• _Exercise instructions_: Look below for the line containing "- Features: Waffle-Knit, Pocketed, Drawstring", then write out that line and every line after it to the end, exactly, minus the pictures.

• _Exercise data_:
---

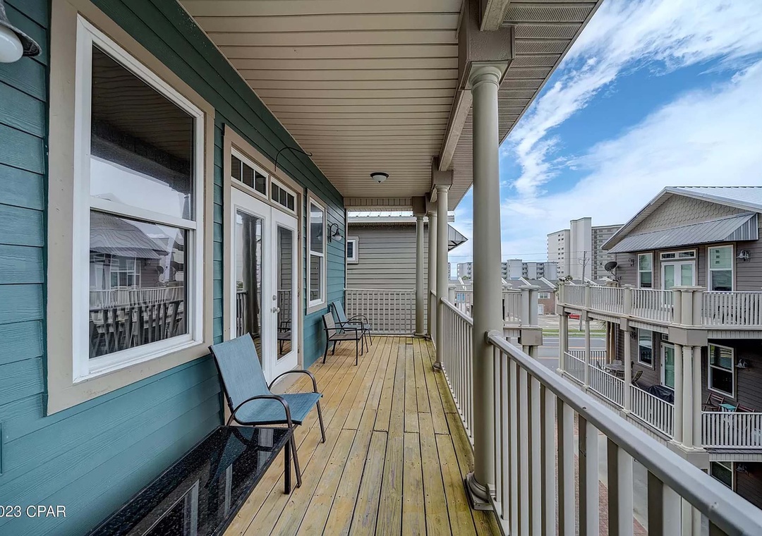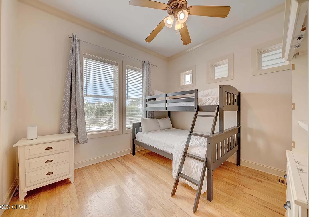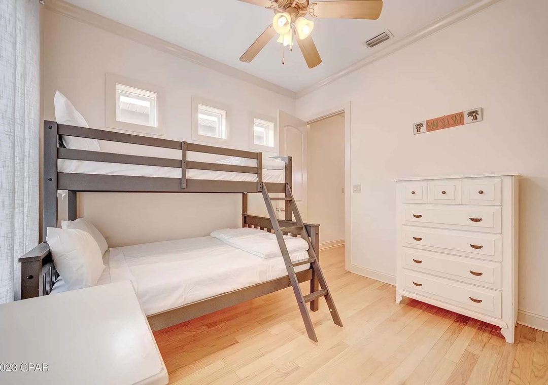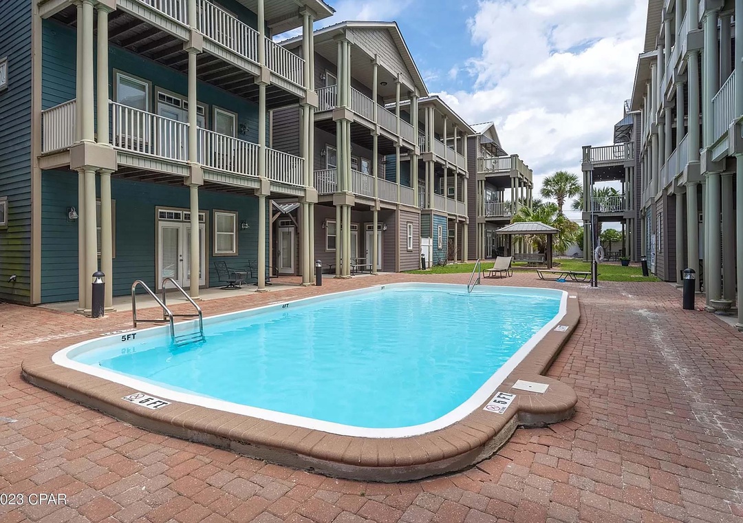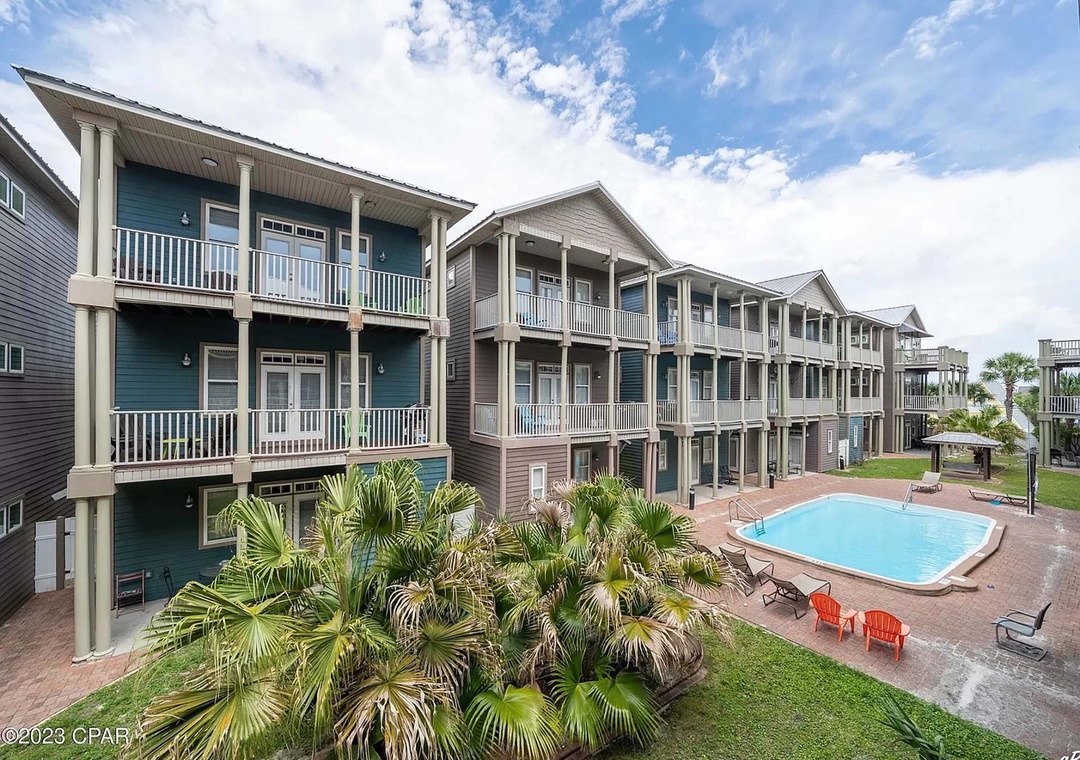 Introducing Blue Lagoon, a charming 4-bedroom, 4-bathroom home ideally situated in the heart of East Panama City Beach. Just a short stroll away from beach access 12, this residence offers convenience and comfort. The first floor boasts a separate studio complete with a sleeper sofa, full bath, and kitchenette. On the upper levels, discover an expansive open floor plan accentuated by covered decks on each tier. The second floor hosts a well-appointed kitchen, laundry room, a welcoming living area with balcony access, and a guest bedroom featuring a twin-over-full bunk bed with an adjoining bathroom. On the third floor, indulge in the luxurious king master bedroom featuring an en suite bathroom and balcony access, alongside another guest bedroom featuring a twin-over-full bunk bed with its own attached bathroom. Take pleasure in breathtaking views while savoring a cup of coffee on one of the balconies. Additionally, the community offers a refreshing pool for your enjoyment. Create cherished memories at Blue Lagoon starting today.
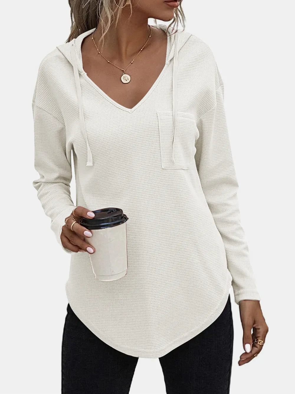 - Features: Waffle-Knit, Pocketed, Drawstring
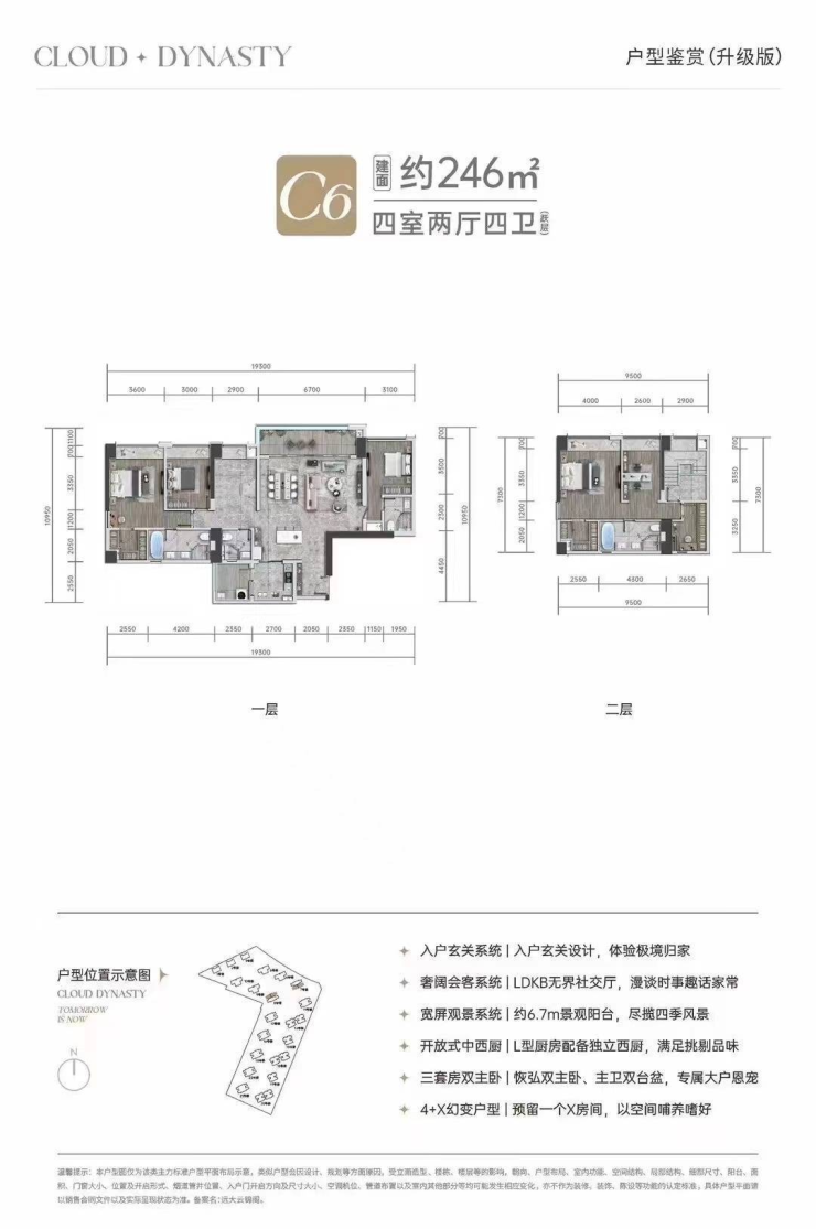 远大海湾云锦,位于高新南区和天府新区接壤处,前有软件园,后临新川科技园,和欧洲中心隔锦江相望,简直就像是城南的宠儿。项目建筑面积76万㎡,超过2700套大户型住宅。目前在售超高层住宅,主推建面169-297㎡,单价30000-38000元/㎡,交付时间为2026年1月。

---

• _Completed exercise_:
 - Features: Waffle-Knit, Pocketed, Drawstring
 远大海湾云锦,位于高新南区和天府新区接壤处,前有软件园,后临新川科技园,和欧洲中心隔锦江相望,简直就像是城南的宠儿。项目建筑面积76万㎡,超过2700套大户型住宅。目前在售超高层住宅,主推建面169-297㎡,单价30000-38000元/㎡,交付时间为2026年1月。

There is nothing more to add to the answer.